Search Mailing List Archives


Limit search to: Subject & Body Subject Author
Sort by: Reverse Sort
Limit to: All This Week Last Week This Month Last Month
Select Date Range     through    

[protege-discussion] Source Control Mightmare

Mark Feblowitz MarkFeblowitz at comcast.net
Wed Jan 31 05:26:04 PST 2007


Ah - I look forward to reading that paper.

I've had the same challenge when using ClearCase with our many Owl ontologies.

I have often noticed issues - even in Protege Owl 
- with the way ontologies are serialized to files.

It seems to be a convenience and also an 
efficiency to be able to write any of a number of 
semantically equivalent but differently ordered 
Owl assertions to a file. Yet it does play havoc on xml  file comparators.

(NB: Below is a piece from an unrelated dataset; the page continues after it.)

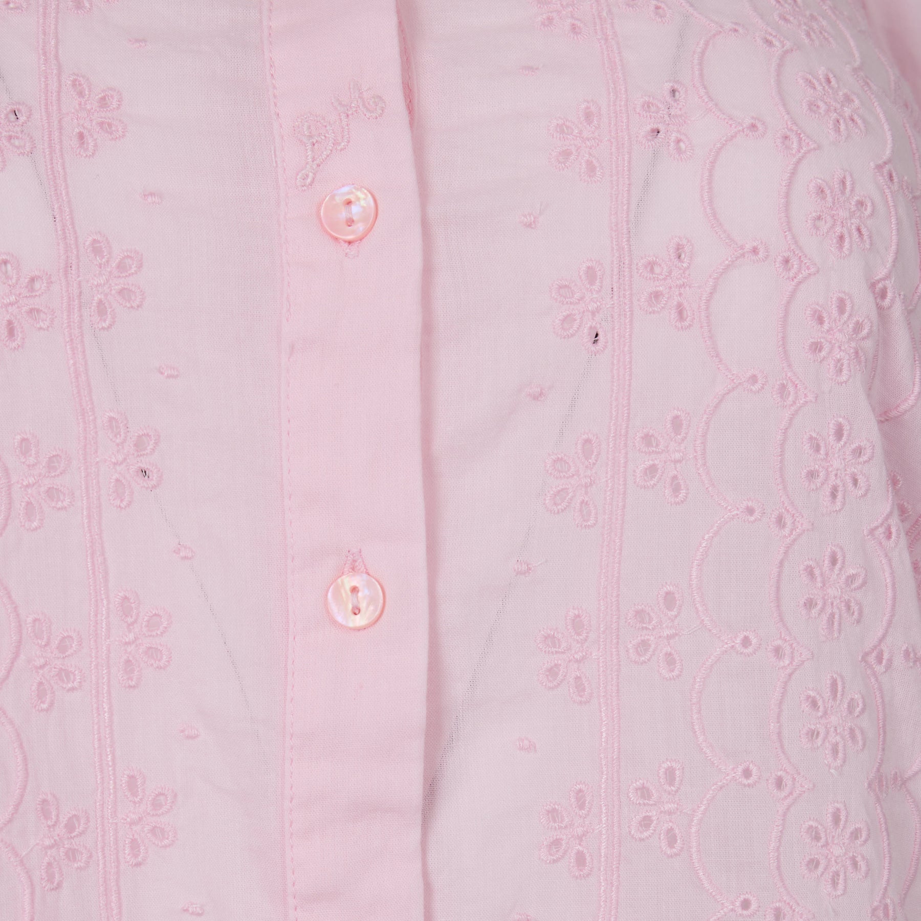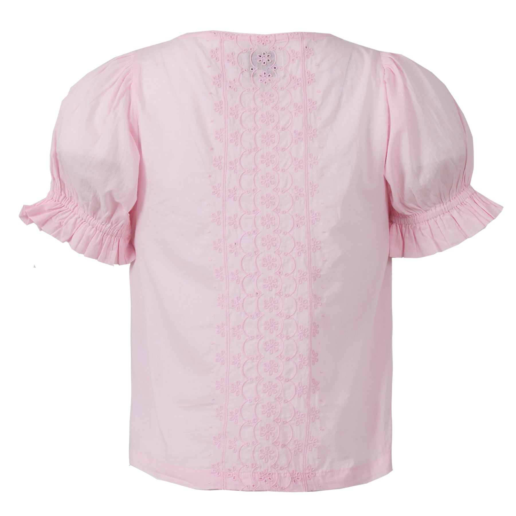 The Damson Madder Prim Blouse in Pink is made from soft cotton and features beautiful broderie anglaise detailing. With a scallop-trimmed scoop neck, puffed sleeves, elasticated cuffs with ruffled trims, and a longer back hem, this blouse offers a feminine and elegant look.

Specifically in Protege, I've noticed that a the 
order of at least some parts of the serialized 
owl files can be mostly or totally reversed each 
time the ontology is serialized to a file. When 
an owl file is later read back in, the order in 
which a "multi-parent" individual is associated 
with its various parents is also reversed, 
changing the behavior of the instance editor, 
which seems to favor the first parent in the set of  asserted parents.

It occurred to me that one might be able to write 
a separate tool that takes in an owl file and 
reorders it into some repeatable uniform order. 
It wouldn't be easy, though, since in many cases 
there is no convenient way to determine a 
repeatable ordering of elements (i.e., you 
couldn't know what the original/intended ordering 
of class membership was, without some additional 
annotation). You'd have to use some convention, 
e.g., alphabetically sorting the node in the 
tree. Not pretty, and possibly not completely 
repeatable, but even partial uniformity would help with the merge problem.

It would be better if there were a uniform 
serialization technique built into jena, 
switch-controllable in Protege. The default could 
be for efficient saves, but switchable to perform 
(somewhat) uniformly ordered saves. I assume that 
a special, owl-specific serializer would be 
necessary, if the model was known to be Owl RDF.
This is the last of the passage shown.